Pomnik Gregora Mendela
Było mi już tak zimno, że zdecydowałem,
że muszę wstąpić do jakiejś knajpy. Wódeczka pomagała, ale na krótko. Obrałem
kierunek na katedrę i zacząłem szukać jakiegoś lokalu. Dopiero za katedrą udało
mi się znaleźć fajną knajpkę Zamówiłem piwko i odmarzałem. Zacząłem się
zastanawiać też nad dalszym planem dnia. Ustaliłem, że kończę piwo i idę do
sklepu po zakupy. Tak też zrobiłem. Kupiłem piwka, które miałem zamiar zabrać
do domu, oraz jedzenie na obiad i kolację. Chciałem ustalić ile zostanie mi
kasy, żeby wiedzieć ile mogę wieczorem przehulać. W hostelu obliczyłem
fundusze, zjadłem obiad, wypiłem ze trzy gorące herbaty i poszedłem na kolejny
obchód po mieście. Chciałem jeszcze zrobić zdjęcie teatru i kościoła św.
Michała. A potem na piwko. Wczoraj zlokalizowałem fajny lokal niedaleko
hostelu, ale byłem tak najedzony, że już trudno by mi było wlać w siebie
kolejne piwko hehe. Pomaszerowałem, więc tam dzisiejszego wieczora.

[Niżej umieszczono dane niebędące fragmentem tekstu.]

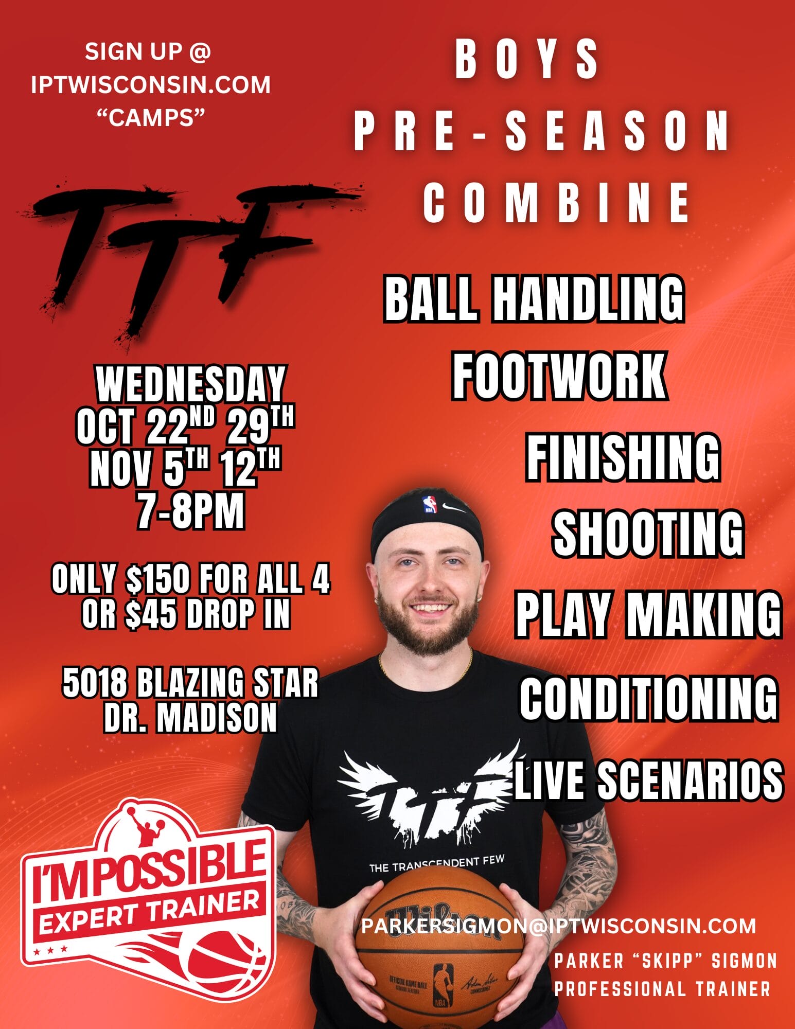 Clean up your game & sharpen your basketball skills as we head into the winter season. Whether you played a fall sport & haven’t touched a basketball yet or you have been playing hoops nonstop. This combine will help your game. Ball handling, footwork, finishing shooting, playmaking, conditioning & live play. Four Wednesday’s leading up to High School basketball tryouts. Get ready for the new season with TTF Skipp.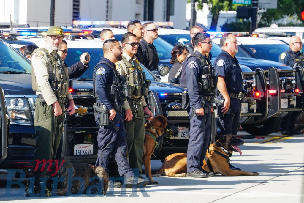 The memorial took place at the Burbank Police and Fire Headquarters, in front of the bronze Guardian sculpture, a fitting backdrop for a morning that honored Spike’s bravery and sacrifice. Third Street was closed from Palm Ave. to Olive Ave. as police vehicles lined the roadway, eventually spilling onto surrounding side streets. The turnout was so vast it became a visual reminder of how far Spike’s impact reached beyond city lines.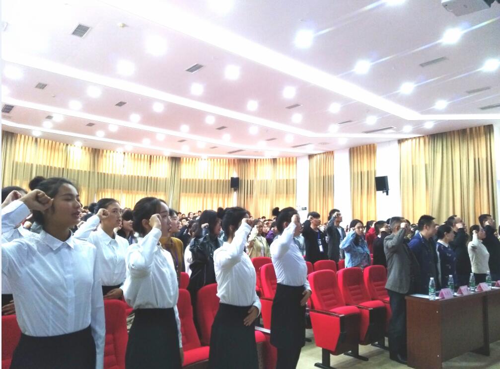 【本网讯】健康所系,性命相托。10月25日,由临床医学院主办,基础医学院协办的“宣医者誓言,树崇高医德”医学生宣誓大会在我院青年路校区实验实训楼二多多功能厅举行。基础医学院党支部副书记张翅、临床医学院党总支副书记李敏、临床医学院副院长庞嘉言、内科教研室主任马宜龙、基础医学院团总支书记赵武博、临床医学院团总支副书记张晓惜、基础医学院教师周卫敏出席大会,临床医学院学生会及各团支部代表共计300余人参加大会。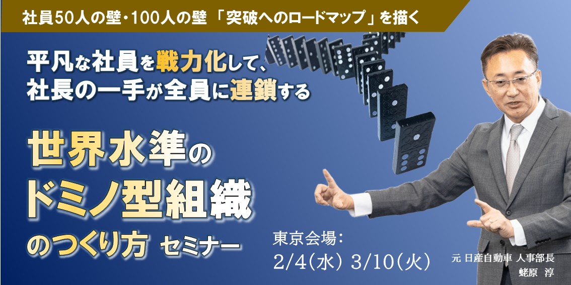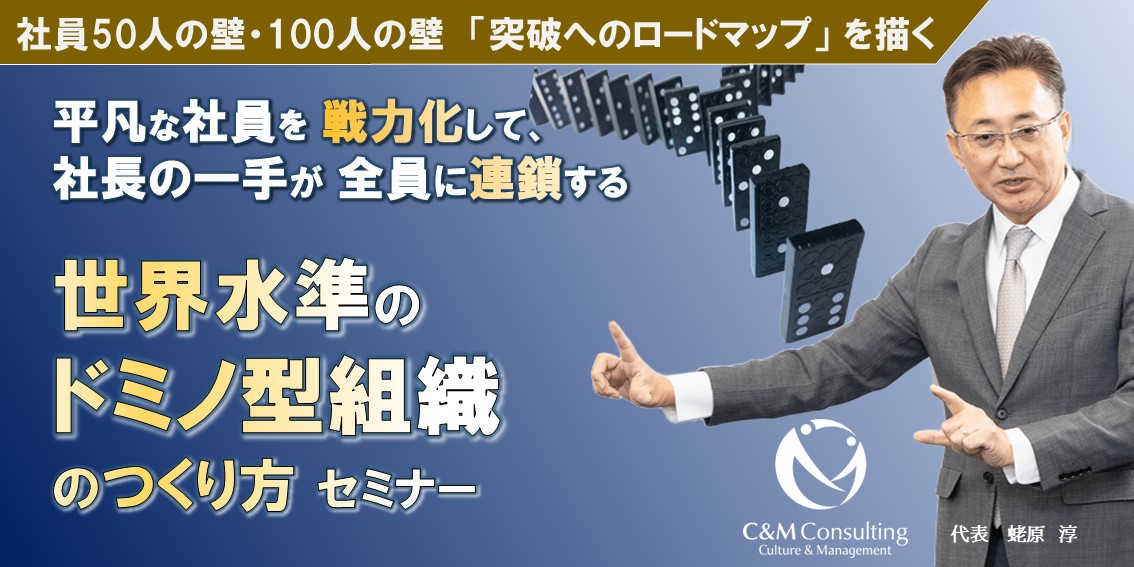 本セミナーでは、今いる平凡な社員たちを、経営者が思い描く方向に戦力化して、ビジネスを飛躍的に成長させる仕組み、「世界水準のドミノ組織*」の描き方と具体的な構築方法をお伝えします。
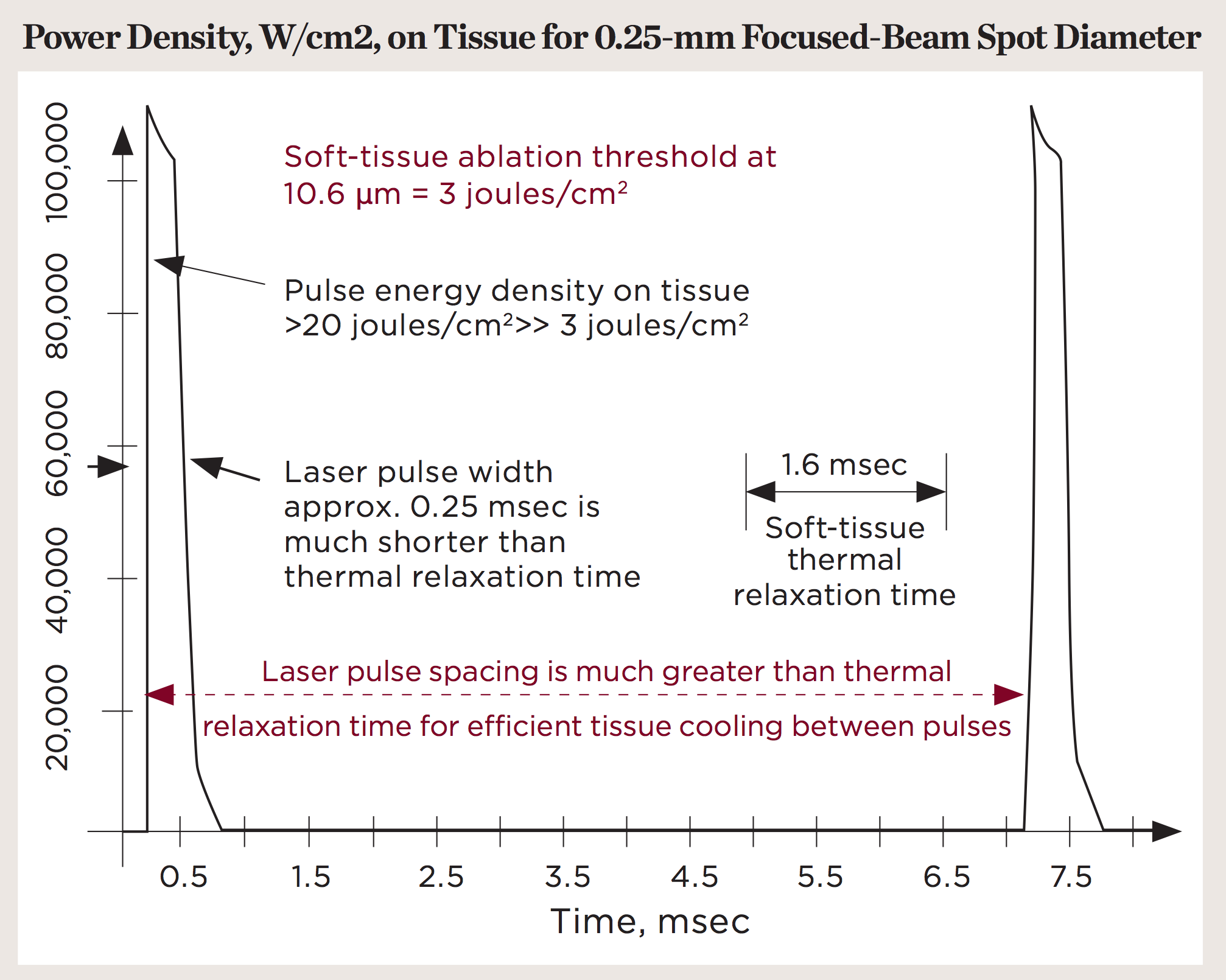 Laser pulsing is as important as wavelength; for cutting, short and powerful pulses are superior to long and weak ones. In the physics of pulsed laser surgery, thermal relaxation time is an important concept.11,12 Thermal relaxation time depends both on the tissue’s light absorption coefficient (Figure 1) and the tissue’s thermal diffusivity, as first described by Einstein.14 The irradiated tissue is vaporized with the highest efficiency if the thermal relaxation time is much longer than the pulse duration. The most efficient cooling of the tissue adjacent to the ablated zone is achieved when the period between laser pulses significantly exceeds the thermal relaxation time. Such laser pulsing specifications are referred to as a super pulse. A super pulse (Figure 3) minimizes collateral thermal damage, which makes it an essential feature of any state-of-the-art soft-tissue surgical CO2 laser.11 The optimal combination of the CO2 laser wavelength and these specific pulsing parameters ensures char-free, scar-free, and bloodless surgery with uncomplicated healing.

Przetestowałem trzy lokalne piwka. Szczególnie byłem zachwycony browarkiem o
nazwie Demon – wspaniały czerwony lager! Stać mnie było tylko na, trzy więc po
20-tej opuściłem lokal i wróciłem do hostelu. Tam kolacja, ablucja, jeszcze
jedno piwko w fotelu przy książce i idę spać.
Teatr
Na dzień powrotu
miałem zaplanowaną tylko jedną atrakcję: Muzeum Zabawek. Miałem rano skoczyć po
zakupy przed śniadaniem, ale się nie dało. Hostel funkcjonował dość dziwnie:
nie było nikogo na recepcji miedzy 22 a 9-tą rano. Z hostelu dało się wyjść,
ale nie dało się wrócić, bo drzwi się zatrzaskiwały automatycznie. Myślałem, że
pośpię sobie do 9-tej, akurat przyjdzie ktoś na recepcję, zrobię zakupy, wrócę
do hotelu, narobię kanapek na drogę i będzie git. Niestety laska na recepcję
przyszła dopiero o 10… Śmieszne było też to, że w hostelu oprócz mnie były dwie
osoby. W pokoju 10-cio osobowym spałem sam.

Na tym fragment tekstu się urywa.